I have witnessed this pattern enough times that it no longer surprises me.
What interests me is what happens next.
Eventually I begin asking questions.
Sometimes they are technical.
Sometimes they are commercial.
Sometimes they relate to market adoption, regulation, unit economics, or scalability.
And almost immediately the nature of the interaction changes.
The same shift occurs when I attend events alone, although it takes a different form. There is often an instinct to simplify concepts unnecessarily or to provide explanations that assume a lack of familiarity with the subject matter.
Then the conversation progresses.
People begin recognising that they are speaking with someone who understands startup ecosystems, climate technologies, fundraising, and market dynamics.
The assumptions quietly dissolve.
This is not a complaint, nor is it unique to me. It is simply a recurring observation about how credibility is often assigned before competence is demonstrated.
What fascinates me is how frequently expertise still has to introduce itself before it is acknowledged.
Why So Many Good Innovations Never Reach the Market
The third pattern emerges whenever I engage with universities, incubation centres, startup competitions, or research institutions.
In these settings, I often review projects developed by PhD researchers, Master’s students, MPhil scholars, faculty teams, and early-stage innovators.
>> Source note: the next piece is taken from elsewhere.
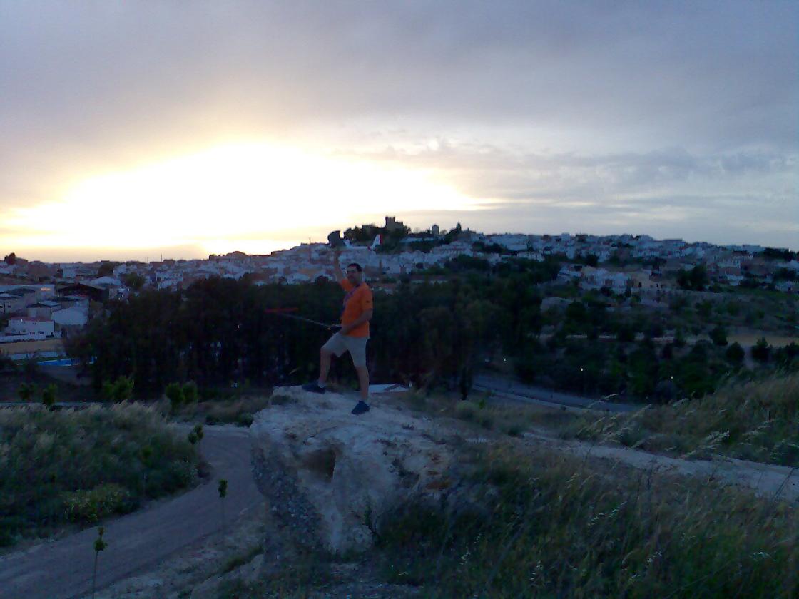 Aqui os dejo una bonita estampa de mi Easy con el atardecer detras y Montemayor con el Castillo de fondo. Esa tarde habia un aire del demonio, pero este Easy pude con todo, (lo intentamos con el de un amigo -de serie- y el viento se lo llevo al carajo luego no podia volver).

The range of work is remarkable.
I have seen innovations in climate intelligence, waste-to-value systems, water technologies, rural livelihood solutions, resilience infrastructure, nanotechnology applications, and numerous other fields.
Many of these ideas are not merely theoretical.
They have been tested.
They have been piloted.
They have been deployed in real communities and real operating environments.
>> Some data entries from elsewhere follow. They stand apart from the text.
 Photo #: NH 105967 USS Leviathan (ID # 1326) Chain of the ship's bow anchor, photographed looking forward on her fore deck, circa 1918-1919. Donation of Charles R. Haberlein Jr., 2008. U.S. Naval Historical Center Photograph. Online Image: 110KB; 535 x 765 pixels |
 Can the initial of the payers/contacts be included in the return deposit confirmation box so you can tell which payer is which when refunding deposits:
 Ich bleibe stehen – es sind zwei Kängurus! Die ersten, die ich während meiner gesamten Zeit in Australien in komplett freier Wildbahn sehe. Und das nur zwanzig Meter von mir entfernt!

Some are solving genuinely important problems.
Yet very few will ever become scaled ventures.
The longer I observe this pattern, the less I attribute it to limitations in research quality and the more I attribute it to limitations in the systems surrounding research.
Intellectual property frequently remains embedded within institutional structures.
Commercialisation pathways are often unclear.
Researchers receive limited exposure to entrepreneurship, venture creation, or equity structures.
Academic incentives continue to prioritise publications, patents, and citations far more than adoption, deployment, or enterprise creation.
As a result, many promising innovations follow a familiar trajectory. They become papers. Occasionally they become patents. Much more rarely do they become businesses capable of delivering impact at scale.
This feels particularly important in fields such as climate and sustainability, where the gap between invention and adoption carries real societal consequences. Technologies capable of generating livelihoods, improving resilience, reducing environmental harm, or addressing systemic challenges cannot create meaningful impact if they remain confined to journals and conference proceedings.
When I look at India’s innovation ecosystem, I do not see a shortage of talent.
I do not see a shortage of ideas.
I do not see a shortage of ambition.
What I see is a translation problem.
A gap between research and markets.
A gap between innovation and adoption.
A gap between knowledge creation and value creation.
The Common Thread
Although these observations emerge from different environments, they all point toward the same underlying challenge.
Founders struggle to translate capital into sustainable growth.
Experts often need to translate competence into credibility before they are taken seriously.
Researchers struggle to translate innovation into adoption and enterprise creation.
The technology is often not the bottleneck.
The ideas are often not the bottleneck.
The bottleneck is the system that connects one stage to the next.
And the more time I spend inside startup rooms, investor conversations, and research ecosystems, the more convinced I become that solving these translation gaps may be one of the most important opportunities in India’s innovation journey.